Aja on 2/12/2010 at 08:37
My example's a bit silly but one of the best things about Animal Crossing is that if you forget to water your plants, or you forget to wake up at the certain time to catch that certain fish, or forget to talk to your friend so they don't move away—if you forget do any of those things—you face the consequences. Of course the consequences are never especially severe, but the more you play, the more you feel an obligation and affection toward your town, making any bad choices on your part sting all the worse. But if you turn back the DS's clock to redo something, the game becomes meaningless, there's no reason to play it if you aren't willing to accept that the potential for failure is what makes success so satisfying.
van HellSing on 2/12/2010 at 10:53
How about Silent Hill 2?
First up, there's the fact that James is quite a flawed character to begin with, once you realize he killed his wife and most of what's happening is delusions caused by guilt.
Then, you have the mechanic for achieving the different endings, whicgh range from somewhat optimistic to outright depressing. You don't get any Big Moral Choices in the game. Which ending you get is determined by a multitude of pretty minor things you do during normal gameplay, and the game never tells you what they are. So the save/load thing just doesn't apply here.

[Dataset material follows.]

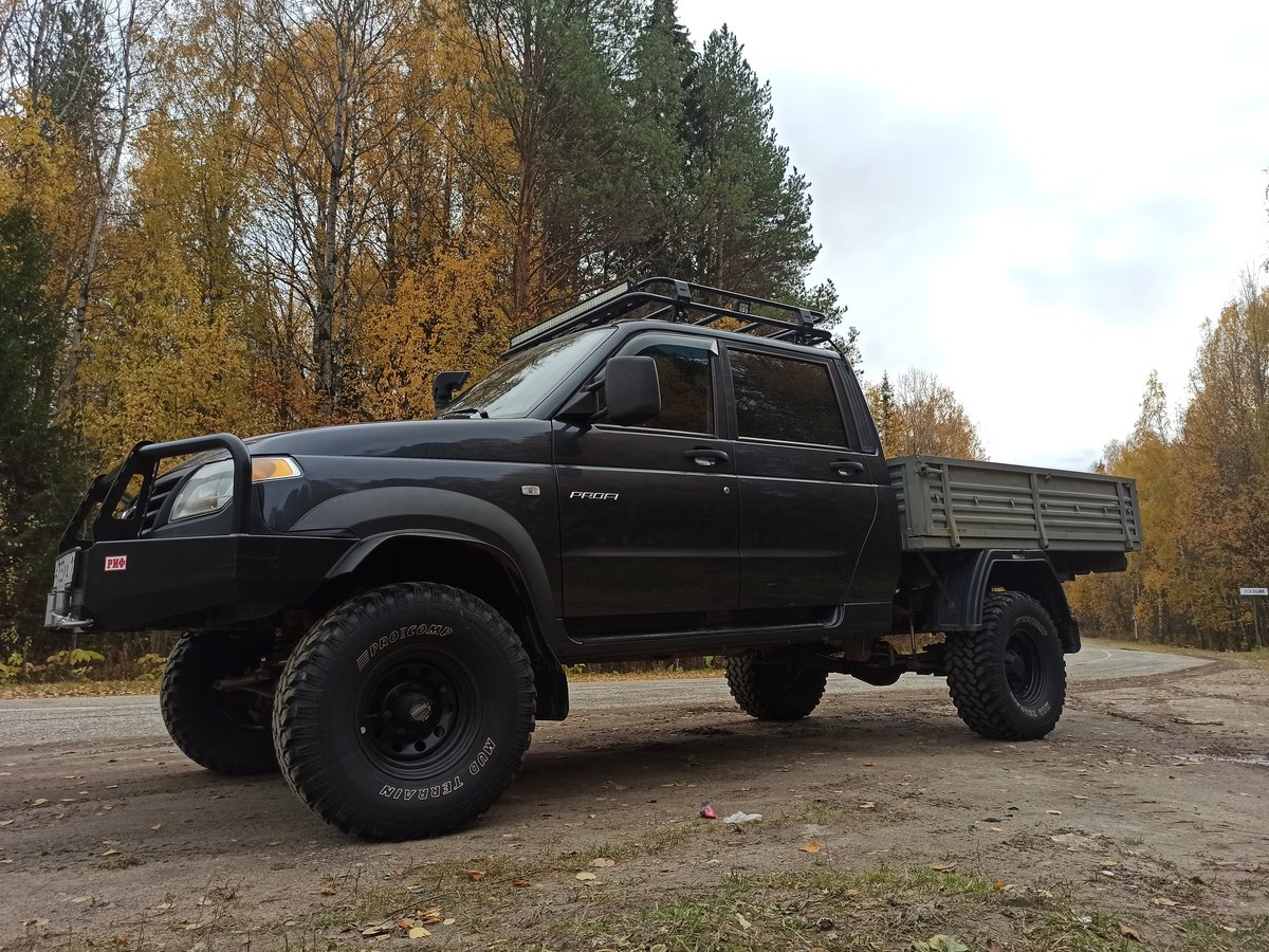 Мы пригнали заготовку для нового проекта. Это будет облегчённый летний медведь-проходимец. Лифт подвески, 33-ие колёса с МТ-шной резиной, шноркель, лебёдка, самоблок. За зиму сделаем съёмный жилой модуль в кузов, воду, отопление, электричество, летнюю кухню и уличный душ, веерную маркизу, и всё остальное, что нужно для покатушек по любым поверхностям. Будем выкладывать отчёты по ходу строительства.

demagogue on 2/12/2010 at 15:45
My interpretation of this is that games don't work unless there's a working modus operandi, an MO, a basic motivation to get you to act, and you're always "gaming" the MO, trying to maximize your position (if you're not, it's not really a game).
The reason most games lock you into "heroic" gameplay is because their MO is rather shallow. You're not tasked to be the best "you" (you being the PC), or to get the world or your life into any order, but only to make progress in the map to some very local goal. That's the entire universe of your MO and they only thing you're going to game the system towards.
The games that do flawed characters best, the examples you see here -- Civilization, Elite, Minecraft, that gardening one -- tend to be sandbox or economic games where the MO is widely expanded, and you're gaming your position in the whole world with a million (potential) things to juggle. There's not a single "right" thing to do that the world cares about, so you can't game it like that. Gaming it in this context is trying to maximize your position in the face of ambiguity, and you can be wrong or absent minded or selfish and miss something. E.g., being cowardly only makes sense as an MO if your PC also has a wife and kids to take care of and can't just risk dying or what happens to them? And to be honest you're looking forward to just going home and having sex with your wife than dealing with this shit. If worries like that become part of the game's MO, then I guarantee you'll start seeing people rather not risk life and limb to "win" the greater game going on.
So it's all about what level of scale the game crams into its MO, local goals vs. global life-time goals, I think.